عَنْ عَائِشَةَ أُمِّ المؤْمنينَ رَضيَ اللهُ عنها قَالَتْ: قَالَ رَسُولُ اللهِ صَلَّى اللهُ عَلَيْهِ وَسَلَّمَ فِي مَرَضِهِ الَّذِي لَمْ يَقُمْ مِنْهُ:
«لَعَنَ اللهُ الْيَهُودَ وَالنَّصَارَى، اتَّخَذُوا قُبُورَ أَنْبِيَائِهِمْ مَسَاجِدَ» قَالَتْ: فَلَوْلَا ذَاكَ أُبْرِزَ قَبْرُهُ، غَيْرَ أَنَّهُ خُشِيَ أَنْ يُتَّخَذَ مَسْجِدًا.
[صحيح] - [متفق عليه] - [صحيح مسلم: 529]
المزيــد ...
Aisha, de moeder der gelovigen, moge Allah tevreden zijn met haar, vertelde dat de Boodschapper van Allah (vrede zij met hem), zei tijdens zijn ziekte waarvan hij niet meer herstelde:
"Moge Allah de joden en de christenen vervloeken, zij hebben de graven van hun Profeten tot plaatsen van aanbidding gemaakt.' Zij zei: 'Als het niet om dat verbod was geweest, zou zijn graf zichtbaar zijn gemaakt, maar men vreesde dat het tot een plaats van aanbidding zou worden gemaakt".
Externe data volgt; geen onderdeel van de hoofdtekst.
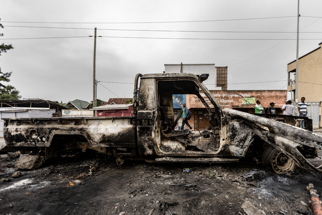 D’intenses combats ont laissé des rues jonchées de cadavres à Goma, principale ville de l’est de la RDC, assiégée par le groupe armé antigouvernemental M23 et les troupes rwandaises qui se sont emparés mardi de l’aéroport. A Kinshasa, des manifestants en colère ont attaqué plusieurs ambassades, dont celles du Rwanda accusé par les autorités congolaises de leur avoir “déclaré la guerre”, du Kenya et aussi de la France, de la Belgique et des Etats-Unis, des pays critiqués pour leur inaction dans cette crise.Sur le plan diplomatique, le Conseil de Paix et de Sécurité de l’Union africaine a “condamné les violences du M23” et l’a exhorté “à déposer les armes”, mais sans citer nommément le Rwanda, alors qu’à New York une nouvelle réunion du Conseil de sécurité des Nations Unies sur la RDC doit encore avoir lieu.Le M23 et les soldats rwandais sont entrés dimanche soir dans Goma, cité de plus d’un million d’habitants et presque autant de déplacés, coincée entre le lac Kivu et la frontière rwandaise, au terme d’une progression éclair de quelques semaines lancée après l’échec mi-décembre d’une médiation RDC-Rwanda sous l’égide de l’Angola.Le M23 et l’armée rwandaise ont pris mardi le contrôle de l’aéroport, a annoncé à l’AFP une source sécuritaire, renforçant l’impression qu’ils pourraient s’emparer prochainement de la totalité de la ville. Le gouvernorat, siège de l’autorité provinciale, est également occupé, a constaté un journaliste de l’AFP. “Goma s’apprête à tomber”, avait prévenu dès lundi le ministre français des Affaires étrangères Jean-Noël Barrot.”Ils ont pris le contrôle de l’aéroport, des cadres du M23 sont là”, et “plus de 1.200 militaires congolais se sont rendus et sont cantonnés dans une base de la Monusco (mission de l’ONU en RDC) à l’aéroport”, a indiqué cette source.De nombreux cadavres de soldats ou de civils étaient visibles dans les rues, où des habitants pressaient le pas vers les entrepôts de denrées alimentaires et produits de première nécessité, ont constaté des journalistes de l’AFP.L’est de la RDC est secoué depuis plus de 30 ans par des conflits exacerbés depuis le génocide rwandais de 1994. La RDC accuse notamment le Rwanda de vouloir y faire main basse sur ses nombreuses richesses naturelles, ce que Kigali dément. Le pouvoir rwandais dénonce également la présence côté congolais de groupe qui lui sont hostiles.- “Les bombes tombaient” -Après l’entrée dans la ville du M23 et des forces rwandaises dimanche soir, “les bombes tombaient et tuaient des gens partout”, a raconté à l’AFP Destin Jamaica Kela, un étudiant de 24 ans qui avec sa famille a fui Goma et trouvé refuge dans un centre de transit situé de l’autre côté de la frontière rwandaise, près de Gisenyi.Ils ont pris la route et sont passés au Rwanda, comme près de 1.200 Congolais recensés selon Kigali, après avoir vu la maison de leurs voisins détruite par une bombe, qui a “tué toute la famille”.Le bureau des Affaires humanitaires de l’ONU (Ocha) a déploré “l’afflux massif de blessés par balles et par munitions explosives dans les structures soutenues par le CICR, notamment l’hôpital CBCA Ndosho à Goma”.Des personnels de l’ONU ont observé “des tirs nourris d’armes légères et de mortiers à travers la ville” et “de nombreux cadavres dans les rues”, a déclaré le porte-parole de l’Ocha, Jens Laerke.Viols, pillages, pénuries alimentaire, risque de dissémination du virus Ebola, du choléra ou de la rougeole… les combats à Goma ont bien d’autres conséquences dévastatrices, ont souligné l’ONU et le Comité international de la Croix-Rouge (CICR).L’armée sud-africaine a par ailleurs annoncé quatre soldats supplémentaires tués en RDC, portant à 17 les membres de la force régionale d’Afrique australe (SAMIRDC) et de la mission onusienne (Monusco) morts ces derniers jours dans des combats contre le M23.- “Ils nous ont tout volé” -La Commission européenne a annoncé mardi une aide humanitaire d’urgence de 60 millions d’euros en faveur des populations déplacées en RDC.L’Allemagne a elle mis mardi sur pause des discussions avec Kigali sur son aide au développement, exigeant du pays africain et de ses alliés du M23 qu’ils retirent leurs forces de l’est de la République démocratique du Congo (RDC).Mardi matin, des habitants, après trois jours cloîtrés chez eux, ont bravé la peur et sont descendus vers le lac pour puiser de l’eau, ont constaté des journalistes de l’AFP. Plusieurs disent avoir été braqués par des miliciens ou militaires congolais en débandade: “Ils nous ont tout volé, nos téléphones, même nos souliers. On les a vus se déshabiller et jeter leurs tenues et leurs armes”, raconte Jospin Nyolemwaka, qui a fui son quartier.Au moins 17 personnes ont été tuées et 367 blessées dans ces combats au cours des deux derniers jours, avaient indiqué lundi plusieurs hôpitaux de Goma. Le président congolais Félix Tshisekedi, qui ne s’est encore pas exprimé depuis le début de la crise, devrait s’adresser à la nation dans la journée. Son gouvernement a assuré lundi vouloir “éviter le carnage”.Le Kenya a convoqué mercredi une rencontre entre M. Tshisekedi et son homologue rwandais Paul Kagame.Dans l’est de la RDC, riche en ressources naturelles, les conflits et les rébellions s’enchaînent depuis plus de trente ans. Goma avait été brièvement occupée fin 2012 par le M23, né cette année-là et vaincu militairement l’année suivante.burx-cld-cpy-emd/ib

[Authentiek] - [Overeengekomen tussen al-Boekhari en Moeslim] - [Sahih Moeslim - 529]
Aisha, de moeder der gelovigen, moge Allah tevreden zijn met haar, vertelt dat de Profeet (vrede zij met hem) tijdens zijn ernstige ziekte, die uiteindelijk zijn dood veroorzaakte, het volgende zei: "Moge Allah de joden en de christenen vervloeken en hen uit Zijn genade verdrijven." Dit zei hij omdat zij de graven van hun Profeten hebben omgevormd tot plaatsen van aanbidding door deze te bouwen, er gebeden bij uit te spreken of naar hen te bidden. Daarna voegde zij, moge Allah tevreden zijn met haar, eraan toe: "Als het niet voor dit verbod en de waarschuwing van de Profeet (vrede zij met hem) was geweest en de bezorgdheid van de metgezellen dat men met het graf van de Profeet (vrede zij met hem) hetzelfde zou doen als de joden en de christenen met de graven van hun Profeten, dan zou zijn graf zichtbaar zijn gemaakt.